* **YOUR ASSIGNMENT**:
Your reply should reproduce all the data below exactly while excluding the pictures.

* **DATA BLOCK**:
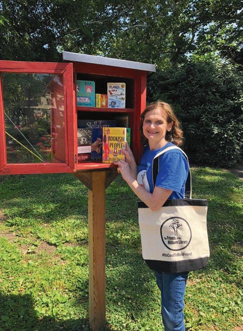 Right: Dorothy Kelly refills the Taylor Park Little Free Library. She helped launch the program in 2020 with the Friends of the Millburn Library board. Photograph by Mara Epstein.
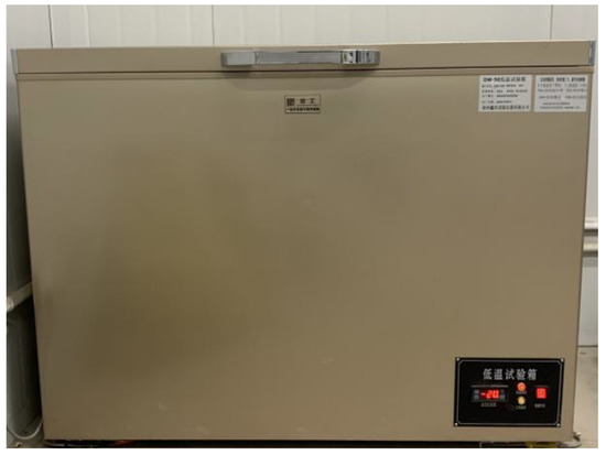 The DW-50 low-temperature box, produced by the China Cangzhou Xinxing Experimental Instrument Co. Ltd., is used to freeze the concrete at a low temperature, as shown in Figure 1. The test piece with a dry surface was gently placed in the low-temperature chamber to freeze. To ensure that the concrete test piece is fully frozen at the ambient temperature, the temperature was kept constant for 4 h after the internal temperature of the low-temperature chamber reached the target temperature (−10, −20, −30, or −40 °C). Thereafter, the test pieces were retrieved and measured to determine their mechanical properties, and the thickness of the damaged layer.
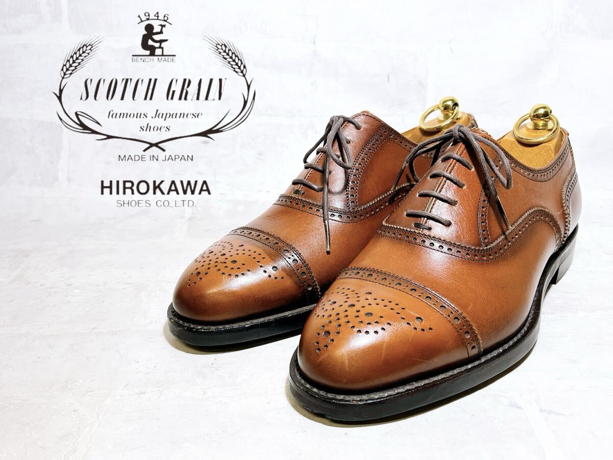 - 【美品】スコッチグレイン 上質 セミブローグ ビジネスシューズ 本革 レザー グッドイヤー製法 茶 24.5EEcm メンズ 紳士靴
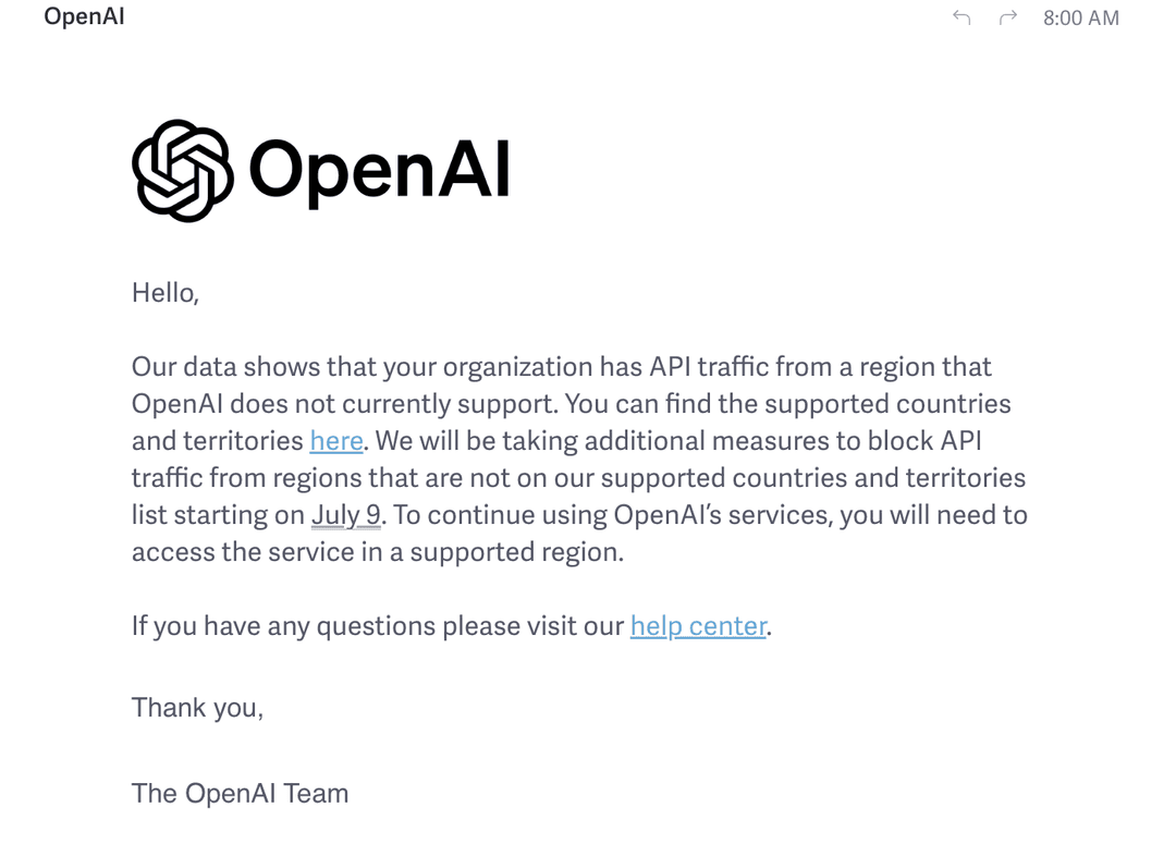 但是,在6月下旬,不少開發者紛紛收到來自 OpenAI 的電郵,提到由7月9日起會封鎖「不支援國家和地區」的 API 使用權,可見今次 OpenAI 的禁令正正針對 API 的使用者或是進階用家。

* **YOUR RESPONSE**:
 Right: Dorothy Kelly refills the Taylor Park Little Free Library. She helped launch the program in 2020 with the Friends of the Millburn Library board. Photograph by Mara Epstein.
 The DW-50 low-temperature box, produced by the China Cangzhou Xinxing Experimental Instrument Co. Ltd., is used to freeze the concrete at a low temperature, as shown in Figure 1. The test piece with a dry surface was gently placed in the low-temperature chamber to freeze. To ensure that the concrete test piece is fully frozen at the ambient temperature, the temperature was kept constant for 4 h after the internal temperature of the low-temperature chamber reached the target temperature (−10, −20, −30, or −40 °C). Thereafter, the test pieces were retrieved and measured to determine their mechanical properties, and the thickness of the damaged layer.
 - 【美品】スコッチグレイン 上質 セミブローグ ビジネスシューズ 本革 レザー グッドイヤー製法 茶 24.5EEcm メンズ 紳士靴
 但是,在6月下旬,不少開發者紛紛收到來自 OpenAI 的電郵,提到由7月9日起會封鎖「不支援國家和地區」的 API 使用權,可見今次 OpenAI 的禁令正正針對 API 的使用者或是進階用家。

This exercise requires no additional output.